¡No todo es trabajo! Recuerden que demasiado trabajo puede causar que los miembros se alejen o que no pongan tanto entusiasmo en la tarea. Intenten tener actividades sociales antes y después de las reuniones para relajar y divertir al grupo.

Aprovechen lo que los nuevos voluntarios aporten a su Iniciativa: energía, nuevas opiniones, contactos, ideas novedosas, liderazgo y ¡pasión por su misión!

Pidan de ellos cantidades de tiempo razonables. ¡Todo el mundo está ocupado! No le pidan a los miembros que asistan a una reunión donde no se los precisa (¡a nadie le gusta quedarse parado sin hacer nada!) Por otro lado, asegúrense de no agobiarlos con demasiado trabajo. ¡Esa es la parte difícil!

Hagan actividades en grupos o de a dos. Eso mejora la calidad de la comunicación, hace al trabajo menos solitario y asegura que el trabajo se haga.

Reconozcan cuando se haya hecho un buen trabajo. ¿A quién no le gusta que reconozcan su trabajo?

Cuando le pidan a alguien que haga algo…

1. Asegúrense de que la tarea tenga un principio y un final. A las personas les gusta saber de antemano qué cantidad de tiempo están comprometiendo.
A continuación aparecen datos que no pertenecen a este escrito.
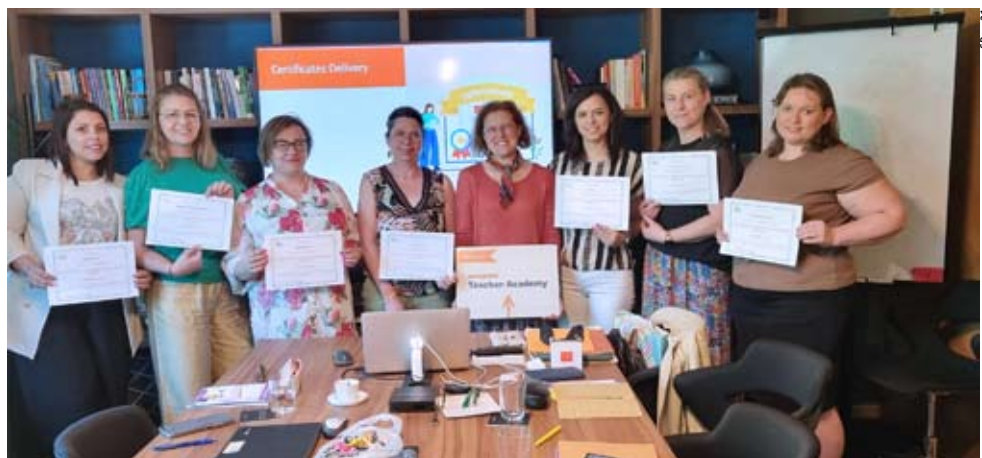
Nauczyciele z SP nr 21 w Tychach poszerzają swoje kompetencje, m.in. językowe.

SZKOŁA PODSTAWOWA NR 21 DOŁĄCZYŁA DO PLACÓWEK, KTÓRE UCZESTNICZĄ W PROGRAMIE UNII EUROPEJSKIEJ.
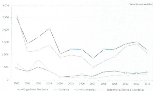
3.1.6 Patentes concedidas pelo Instituto Nacional da Propriedade Industrial (INPI), segundo setor tecnológico de acordo com a Classificação Internacional de Patentes (IPC, na sigla em inglês), 2000-2012

Fonte: Instituto Nacional da Propriedade Industrial (INPI), Assessoria de Assuntos Econômicos, Base de Dados Estatísticos de Propriedade Intelectual - BADEPI
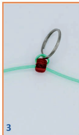
3 Links en rechts aantrekken
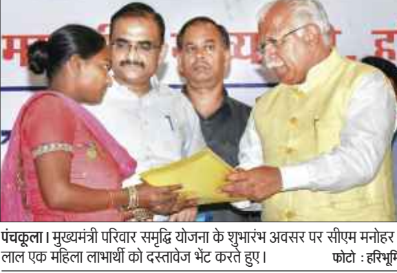
पंचकूला। मुख्यमंत्री परिवार समृद्धि योजना के शुभारंभ अवसर पर सीएम मनोहर लाल एक महिला लाभार्थी को दस्तावेज भेंट करते हुए।

मंत्रिमंडल की बैठक के बाद कृषि मंत्री ओमप्रकाश धन्खड़ ने बताया कि प्रदेश सरकार ने सफाई कर्मियों के लिए अहम फैसला लिया है। अब 7103 कर्मचारियों को टेकेदार की बजाए नगरपालिका, नगर परिषद और निगम का कर्मचारी बनाने का फैसला लिया गया है। वहीं, किसानों को भी राहत दी गई है। उनके गन्ने का बकाए का भुगतान जल्द हो सकेगा। सेंट्रल बायोफॉर टेक्नोलॉजी हिसार का केंद्र अब ऋण सिंह विधि द्वारा संचालित किया जाएगा।
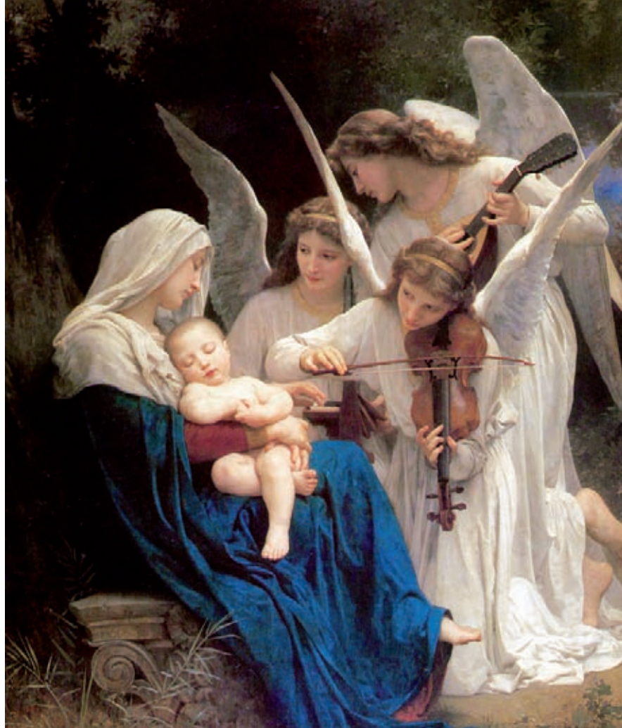
Bouguereau - Song of the Angels

Různé nástroje mají svůj specifický charakter, svou barvu, a proto se hodí k různým hudebním tématům. Ovšemže nejen volba nástrojů, ale i další hudební prostředky mají své duševní účinky. Pro klasicismus typický rytmus je například merkurický, zatímco rubato je venušinský prostředek, protože narušením pravidelného tempa podněcuje citění. Crescendo je martické. Gustav Holst řadu takových prostředků využil ve své symfonické suítě Planety .
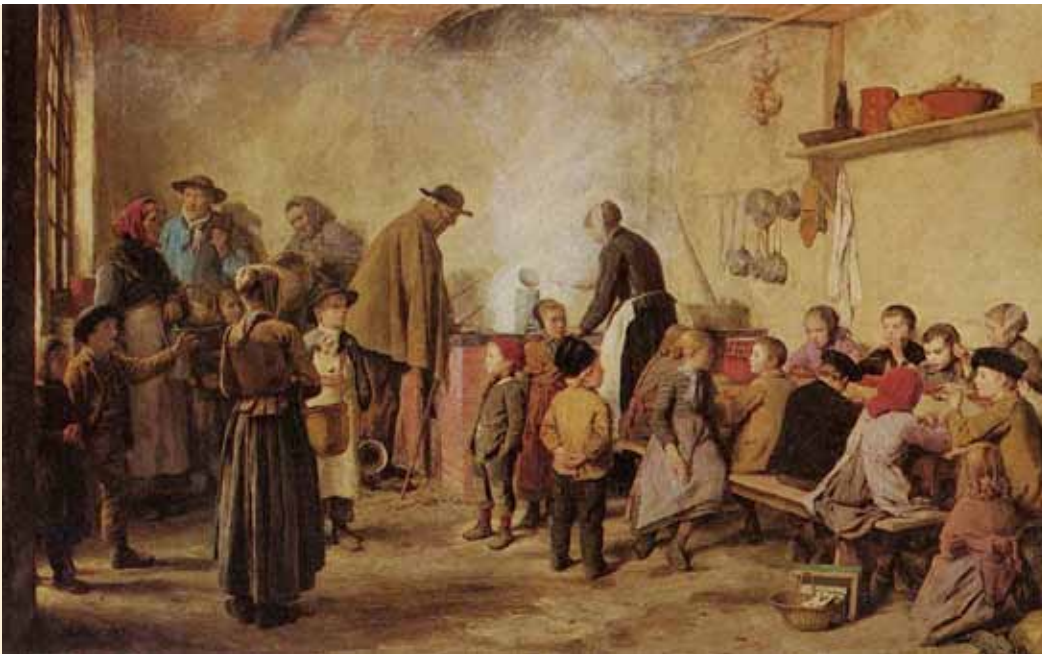
Armenzorg: Albrecht Anker (1831-1910), Die Armen- suppe, 1893; Kunst- museum Bern

ze Israëls verkenners om de stad veilig te verlaten (Jozua 6: 17). In het Nieuwe Testament wordt zij meerdere keren met ere wordt genoemd (zie ook Mattheüs 1: 5; Hebreëen 11: 31).
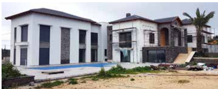
יילה במעלה הגבעה - דלית אל כרמל, בביצוע סאפי

2. Pídanle a las personas que hagan cosas que saben hacer bien. Las personas tienden a estar más dispuestas a comenzar tareas que saben que pueden hacer.

3. Piensen acerca de los diferentes modos que tienen las personas de trabajar. A algunos les gusta estar a cargo de las actividades, a otros les gusta más participar sin tener responsabilidades y otros prefieren realizar solos una tarea.

4. Háganle saber a cada uno que su tarea es necesaria.

5. Infórmenle a cada persona cómo su tarea está relacionada con el resto del trabajo y con la misión central de la iniciativa. Las personas trabajan mejor si saben que otros dependen de ellos y la comunicación es mejor.